Adding mutation to Eq. 7 leads to a dynamical model with separate selection and mutation terms [20], given by

$$\begin{aligned} \dot{x}_i = x_i \underbrace{\Big [ (\mathbf {A}\mathbf {y})_i - \mathbf {x}^\text {T}\mathbf {A}\mathbf {y} \Big ]}_{\text {selection}} + \underbrace{\textstyle {\sum _j}\Big (\mathcal {E}_{ij} x_j - \mathcal {E}_{ji} x_i\Big )}_{\text {mutation}} \end{aligned}$$

(8)

By slightly altering or extending the model of Eq. 7 different RL algorithms can be modelled as well. A selection-mutation model of Boltzmann Q-learning (Eqs. 1 and 2) has been proposed by Tuyls et al. [36]. The dynamical system can again be decomposed into terms for exploitation (selection following the replicator dynamics) and exploration (mutation through randomization based on the Boltzmann mechanism):

$$\begin{aligned} \dot{x}_i = \frac{\alpha x_i}{\tau } \underbrace{\Big [ (\mathbf {A}\mathbf {y})_i - \mathbf {x}^\text {T}\mathbf {A}\mathbf {y} \Big ]}_\text {selection} - \alpha x_i \underbrace{\Big [ \log x_i - \textstyle {\sum _k } x_k \log x_k \Big ]}_\text {mutation} \end{aligned}$$

(9)

Technically, these dynamics model the variant Frequency Adjusted Q-learning (FAQ), which mimics simultaneous action updates [23].
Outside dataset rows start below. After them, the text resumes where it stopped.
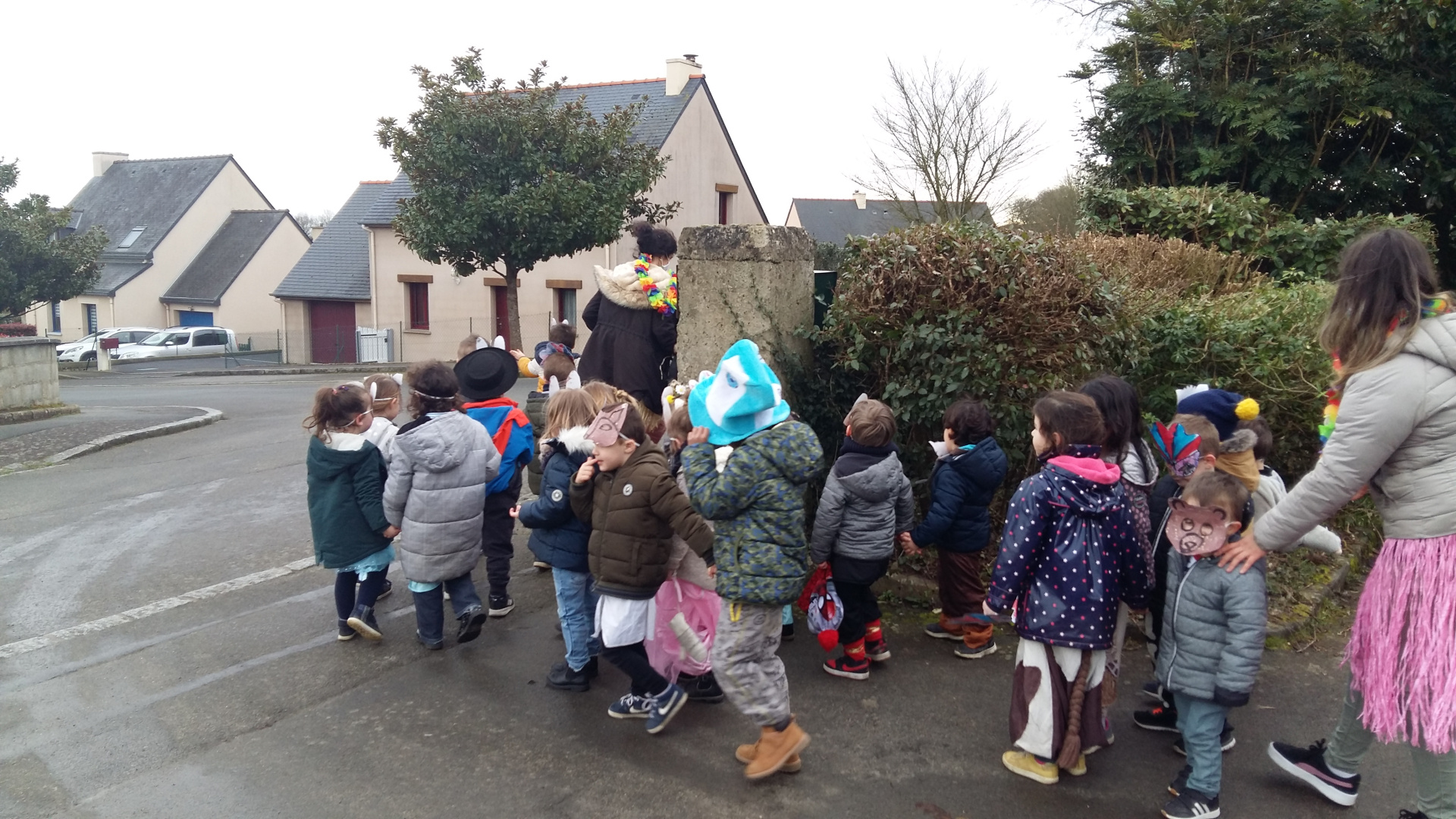 Vendredi 19 février, les élèves des trois classes de maternelle ont défilé dans l’école puis dans Saint Pierre de Plesguen. En maternelle, nous avons pris le parti de considérer les 3 classes comme un même groupe pour garder ponctuellement des projets en commun.
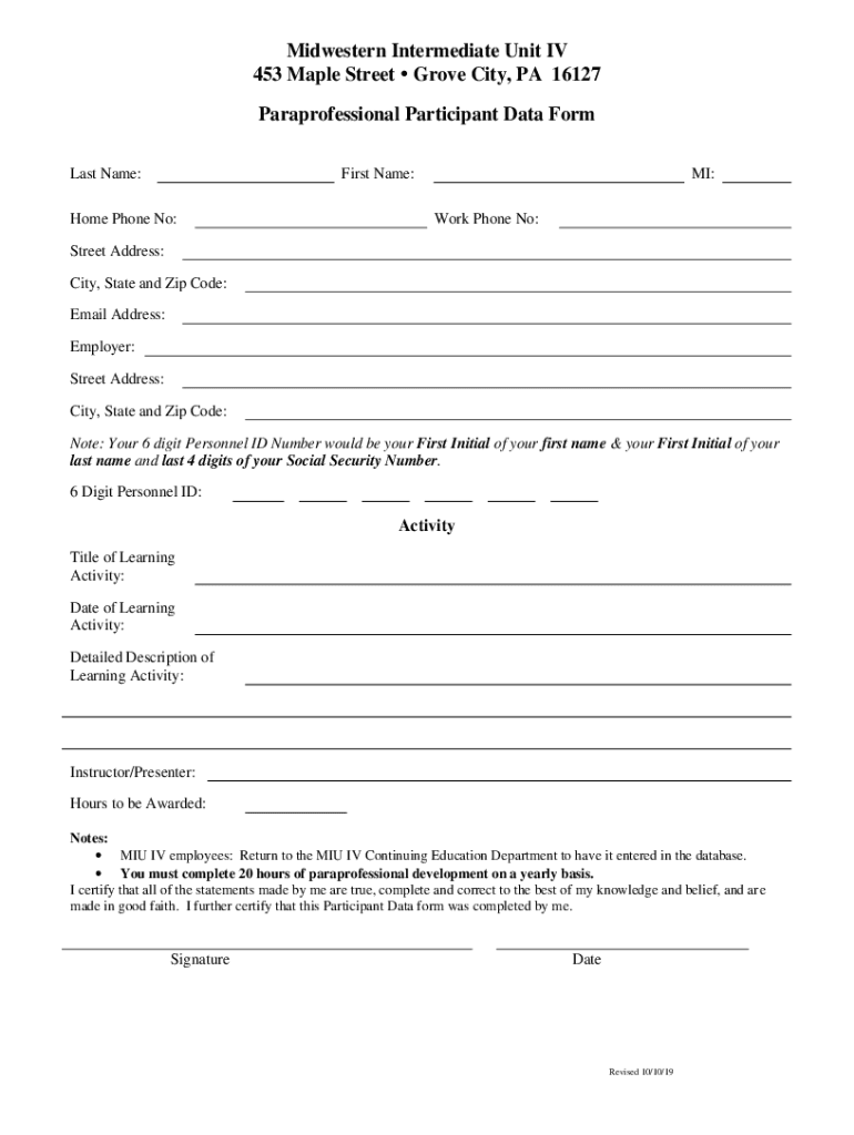 Midwestern Intermediate Unit IV 453 Maple Street Grove City, PA 16127 Paraprofessional Participant Data Form Last Name:First Name:Home Phone No:MI: Work Phone No:Street Address: City, State and Zip
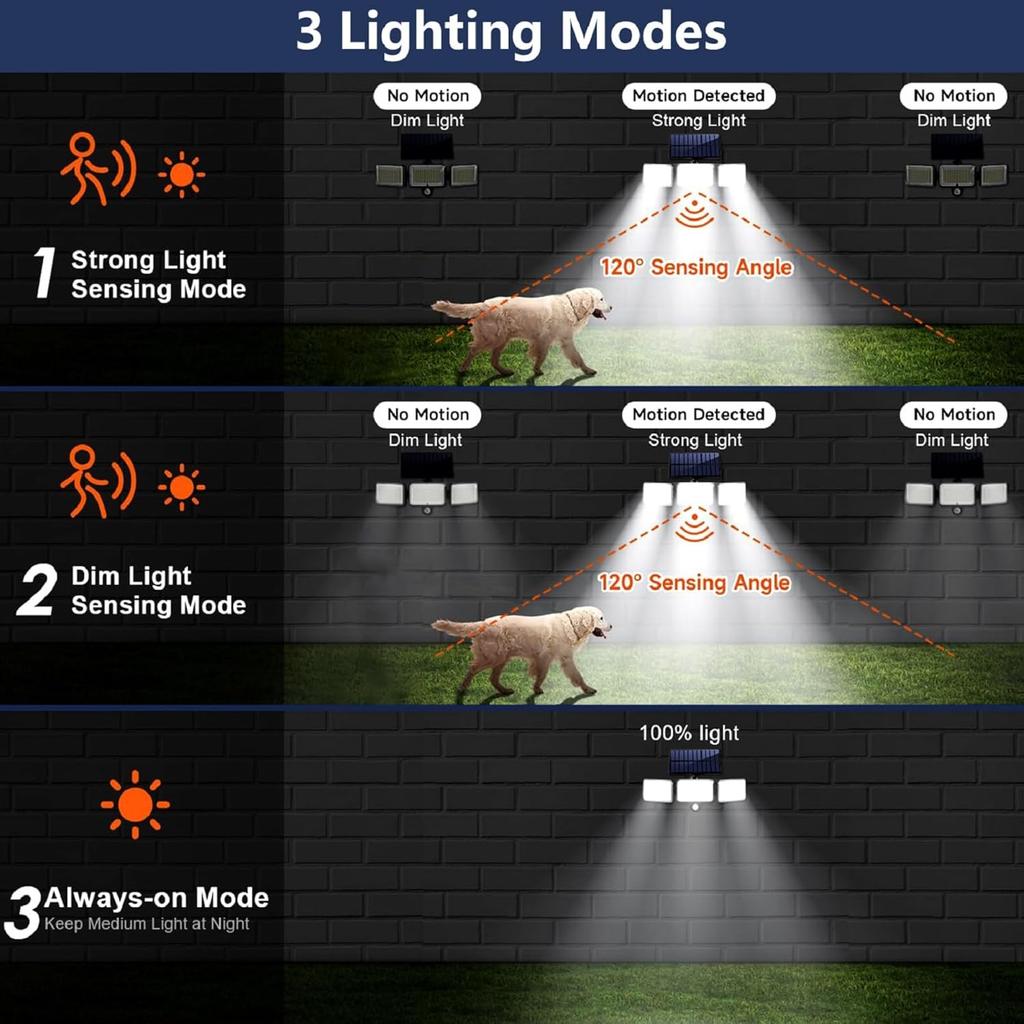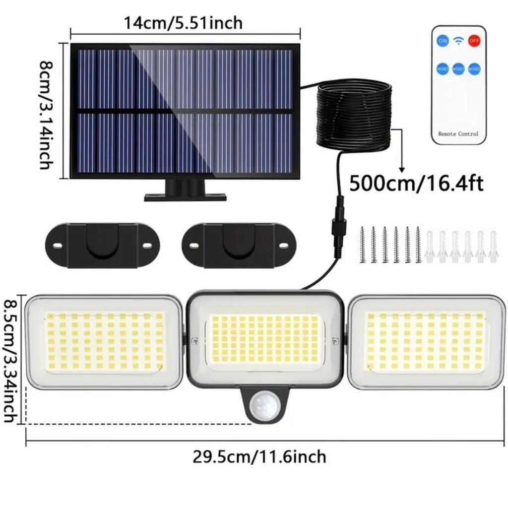 1/2/4 шт. Уличные солнечные фонари с 224 светодиодами, датчиком движения, пультом, 3 режимами, водонепроницаемые, 3-головочные солнечные прожекторы для двора сада
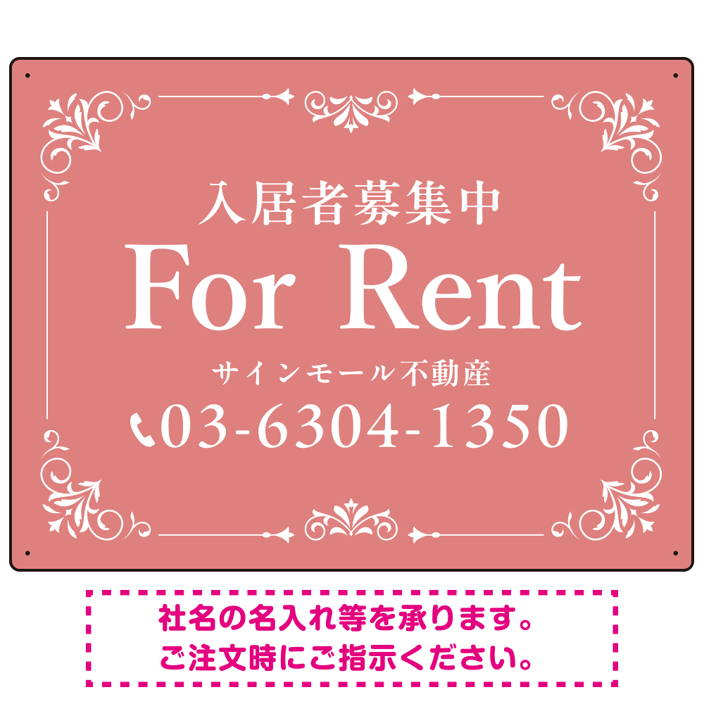 - 柔らかな色合いが魅力の上品デザイン FOR RENT 入居者募集中 不動産向けデザインプレート看板 くすみピンク W600×H450 マグネットシート(SP-SMD712B-60x45M)
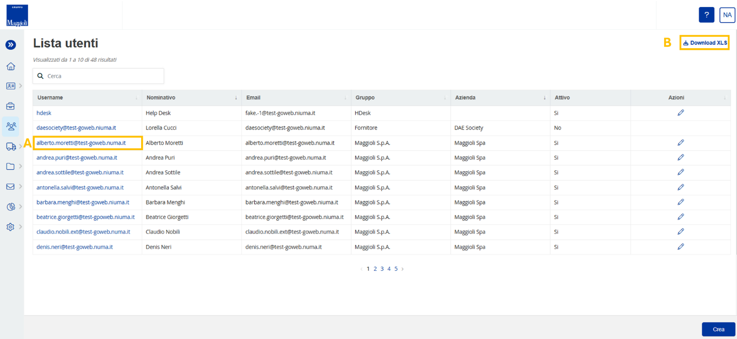 Il sistema permette all’utente di fare un’estrazione di tutti gli utenti censiti sul portale, cliccando sul pulsante “Download XLS” (B).
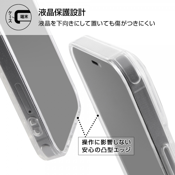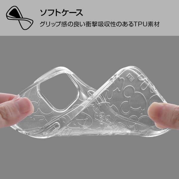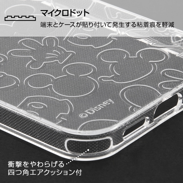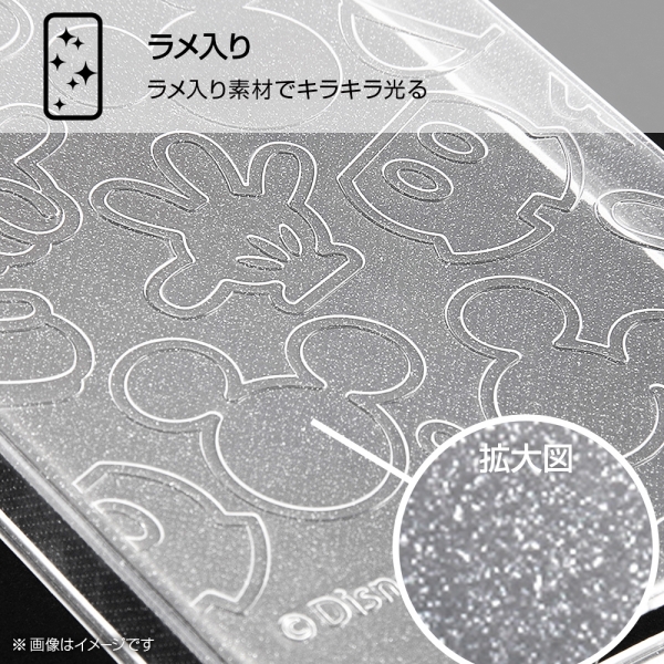 ミッキーマウスのアイコンが散りばめられた可愛いラメ入りケース。カメラに傷が付きにくい凸型設計。高い透明感で抜群の一体感を実現。衝撃をやわらげる柔らか素材×四つ角エアクッション。マイクロドット加工で背面の粘着痕を軽減。
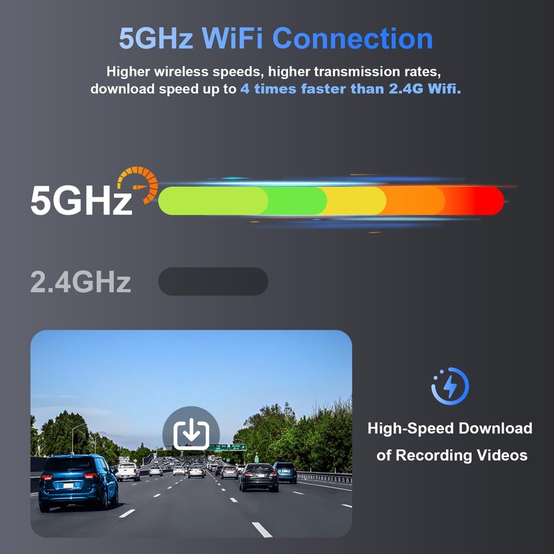 - 【5G WiFi & GPS Tracking】 Compatible with 5G(5.8G) & 2.4GHz WIFI,enjoy faster wireless data transfer and conveniently share videos on social media while on the go.The built-in GPS allows your car dash cam to accurately record driving location and speed. You can use the app or our GPS player to view your driving route and tracker on the app via Wi-Fi.
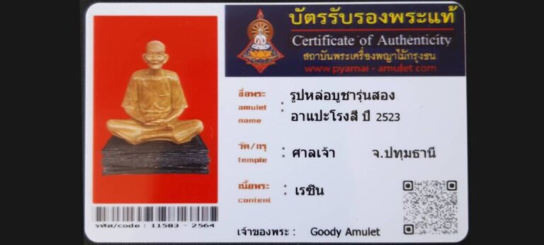 บัตรที่ผ่านการรับรอง (ซ่อน) รูปหล่อบูชารุ่นสอง อาแปะโรงสี วัดศาลเจ้า จ.ปทุมธานี เจ้าของพระ Goody Amulet รหัสบัตร 11583 – 2564
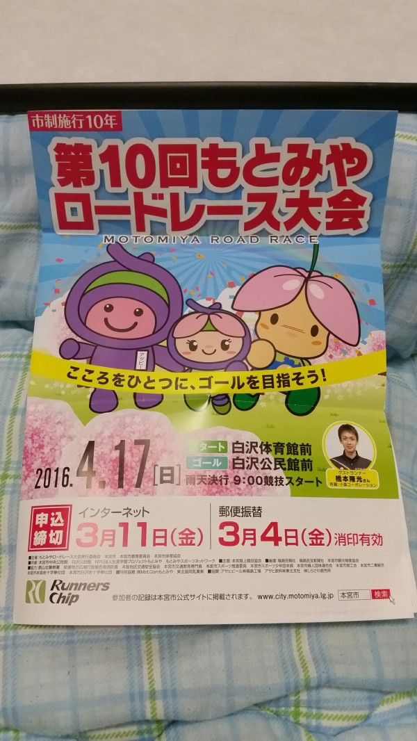 第10回もとみやロードレース大会案内 こんばんは山形市は小雨です。夜10時過ぎ車に乗ったらフロントガラスについた雨粒が凍りついて前がはっきり見えません、解氷スプレーで溶かしてから運転してきました。帰宅するとポストに昨年参加したもとみやロードレースの案内がありました。 参加料2500円はお得。Tシャツかキャップかバッグが参加賞で選べるし。5kmでエントリー予定。4月は笹川流れハーフマラソン、温海さくらマラソン、この大会と迷うけど1つに絞りがんばりたい。腹筋100回励みました。 via 間に合う碧 Your own website, Ameba Ownd
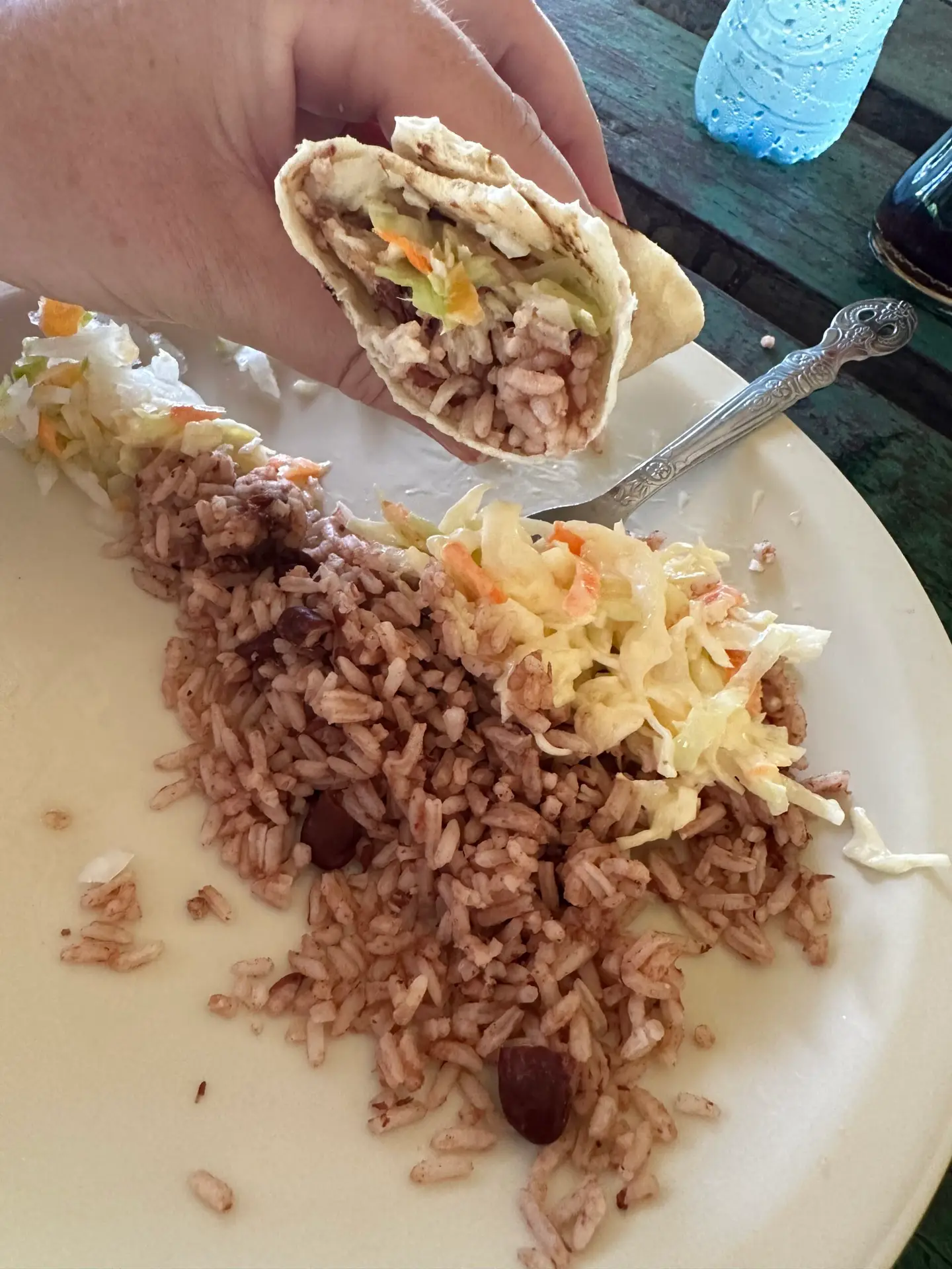 The final temple of this tour was the Mask Temple. The Mask Temple is a site renowned for its remarkable stucco mask adorned with intricate carvings. This mask is widely thought to represent a revered deity or mythical figure from Mayan mythology. Ascending the steep stairway of the Mask Temple not only provided us with another breathtaking view of the lush Lamanai jungle but also offered a chance to connect with the rich Mayan heritage and its artistic mastery. Following our exploration of the Mask Temple, we made our way back towards the entrance and were treated to a scrumptious lunch. Terri and I had wisely brought along our own tortillas which we just couldn’t get enough of (we even bought tortillas to leave the country with they were so good!). Our foresight paid off, as lunch consisted of a classic Belizean dish: beans and rice with a side of coleslaw, which paired perfectly with our tortillas.

Lenient FAQ-learning (LFAQ) [6] is a variation aimed at overcoming convergence to suboptimal equilibria by mis-coordination in the early phase of the learning process, when mistakes by one agent may lead to penalties for others, irrespective of the quality of their actions. Leniency towards such mistakes can be achieved by collecting $\kappa $ rewards for each action, and updating the Q-value based on the highest of those rewards. This causes an (optimistic) change in the expected reward for the actions of the learning agent, incorporating the probability of a potential reward for that action being the highest of $\kappa $ consecutive tries [29]. The expected reward for each action $\mathbf {A}\mathbf {y}$ in Eq. 9 is replaced by the utility vector $\mathbf {u}$, with

$$\begin{aligned} u_i = \sum _{j} \frac{a_{ij}y_{j} \left[ \left( \sum _{k:a_{ik}\le a_{ij}}y_{k} \right) ^{\kappa } - \left( \sum _{k:a_{ik}<a_{ij}}y_{k} \right) ^{\kappa } \right] }{\sum _{k:a_{ik}=a_{ij}}y_{k}} \end{aligned}$$

(10)

Each of these models approximates the learning process of independent reinforcement learners in a multi-agent setting. Specifically, they are presented for the case of two-agent interacting in a normal-form game. Extensions to n-players are straightforward, but fall outside the scope of this work. In the next section we will describe our extension of networked replicator dynamics.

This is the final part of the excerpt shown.